#### DATASET CONTENT ####

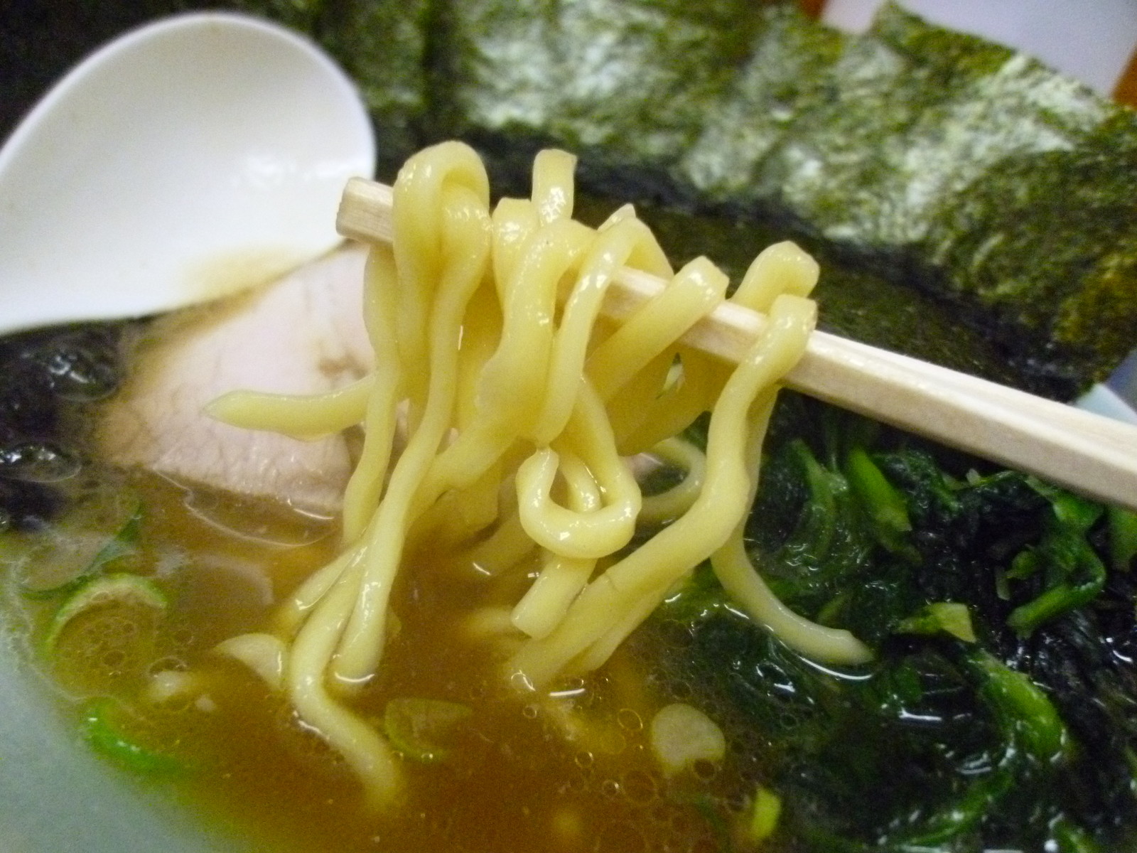 スープはとんこつベースに鶏も利いてて醤油がばちっと利いてます。ちょっと直系も感じさせる味わいで正しく家系のスープに仕上がってますね。文句の付けようがありません。前々回まで油少なめで注文してたのですが普通が1番良いですね。鶏油にも味があるのを勉強させてもらいました。
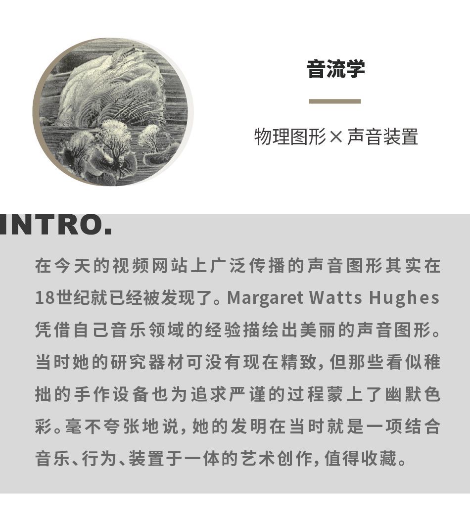 從各種意義上來説,瑪格麗特·瓦茨·休斯(Margaret Watts Hughes)都是一位足夠傳奇的人物,堪稱他們那個時代的海蒂·拉瑪(Hedy Lamarr),橫跨娛樂和科學兩界。她的真實身份是一位威爾士歌手兼作曲家,卻在演唱之餘發明了一種裝置,用來進行聲音共振實驗並對這種現象加以觀察,把聲音產生的幾何圖案展現、記錄下來。一百多年前的非凡夜晚,在皇家學會的晚會上,面對台下黑壓壓一片帶着好奇和挑釁目光的紳士們,瑪格麗特開始介紹自己拍下來的那些“聲音圖形”(Voice-Figures)。
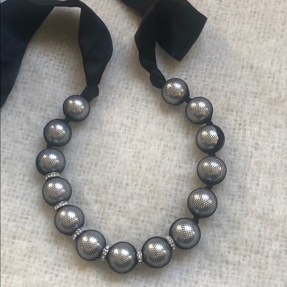Black silk with netting over faux pearls with 6 rows of crystalsShips with original box - necklace is pristine, box shows light wearPearls are 3/4” diameterPearl necklace length is 13”Total length is 52”Can be worn as a necklace, bracelet, belt, hair bandPurchased at Barney’s
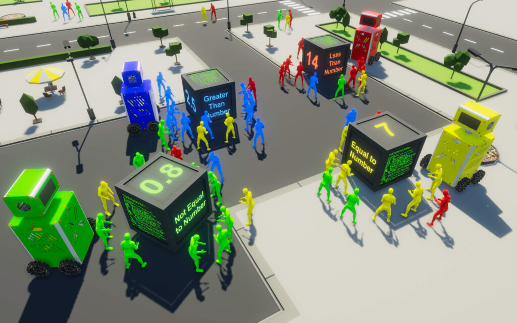Below is a screenshot taken from inside of the virtual reality environment the physical robots learn from. Let’s breakdown the scene to give a better understanding of what this project is and what has been accomplished. The first thing to notice is that there are color coded actors in humanoid forms, and then a lesser number of larger robotic actors, also color coded. These colors represent teams working together to solve problems. The problems they are solving are shown on the problem/terminal/answer cubes. These cubes provide a problem statement, an answer (which is also the points scored for solving the issue) and 4 python terminals the humanoid actors can access and use. Yes, you heard correctly, there are computer terminals here that allow python programming. Basically, the terminals are like little computers the actors can use, and this is how they try to solve the problem statements. If the output of their python program matches the problem statement number then they are awarded that number of points to their team.
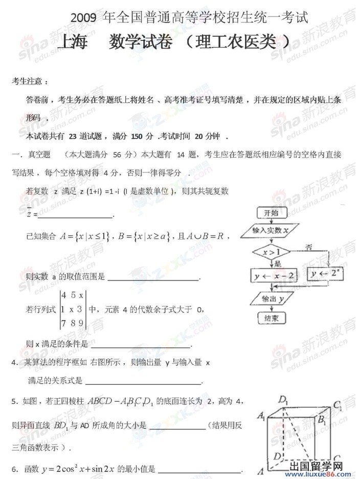 以下是出國(guó)留學(xué)網(wǎng)高考頻道為您提供的上海高考數(shù)學(xué)理試題2009,希望對(duì)您2014年高考有所幫助!
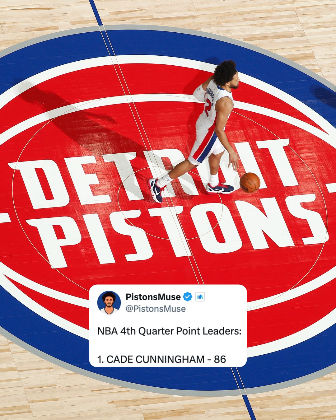虎撲11月07日訊 活塞官方更新X,曬出一張活塞球員凱德-坎寧安的目前賽場照與球迷分享。
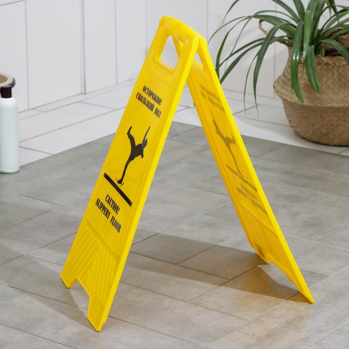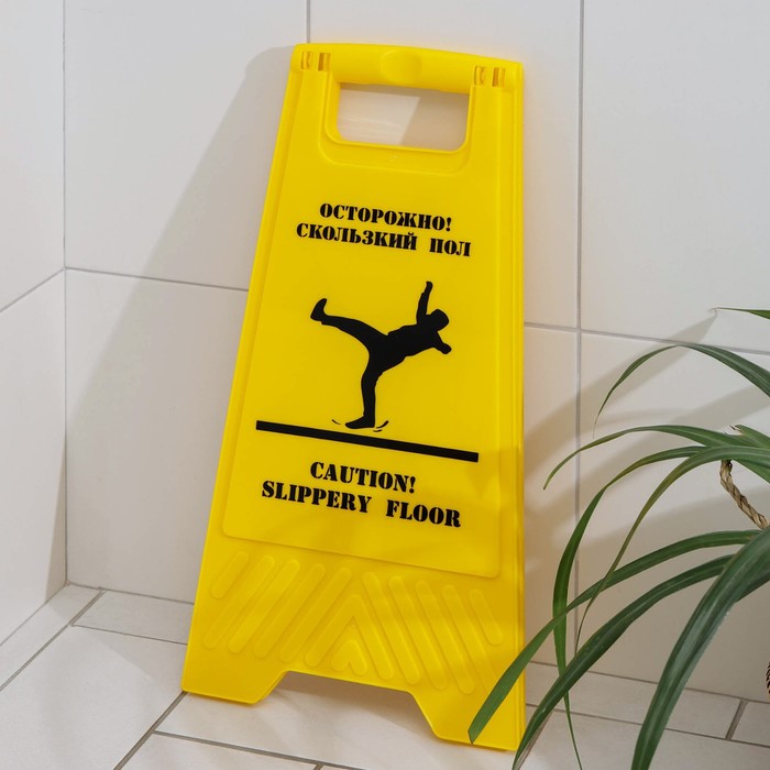 Знак «Осторожно! Скользкий пол», 61×30 см, пластик, цвет жёлтый — Характеристики

####

*YOUR INSTRUCTIONS*.
The required output is an exact copy of the lines from the start of the material above through the line containing "Black silk with", inclusive, with no pictures in it.

*RESULT*.
 スープはとんこつベースに鶏も利いてて醤油がばちっと利いてます。ちょっと直系も感じさせる味わいで正しく家系のスープに仕上がってますね。文句の付けようがありません。前々回まで油少なめで注文してたのですが普通が1番良いですね。鶏油にも味があるのを勉強させてもらいました。
 從各種意義上來説,瑪格麗特·瓦茨·休斯(Margaret Watts Hughes)都是一位足夠傳奇的人物,堪稱他們那個時代的海蒂·拉瑪(Hedy Lamarr),橫跨娛樂和科學兩界。她的真實身份是一位威爾士歌手兼作曲家,卻在演唱之餘發明了一種裝置,用來進行聲音共振實驗並對這種現象加以觀察,把聲音產生的幾何圖案展現、記錄下來。一百多年前的非凡夜晚,在皇家學會的晚會上,面對台下黑壓壓一片帶着好奇和挑釁目光的紳士們,瑪格麗特開始介紹自己拍下來的那些“聲音圖形”(Voice-Figures)。
Black silk with netting over faux pearls with 6 rows of crystalsShips with original box - necklace is pristine, box shows light wearPearls are 3/4” diameterPearl necklace length is 13”Total length is 52”Can be worn as a necklace, bracelet, belt, hair bandPurchased at Barney’s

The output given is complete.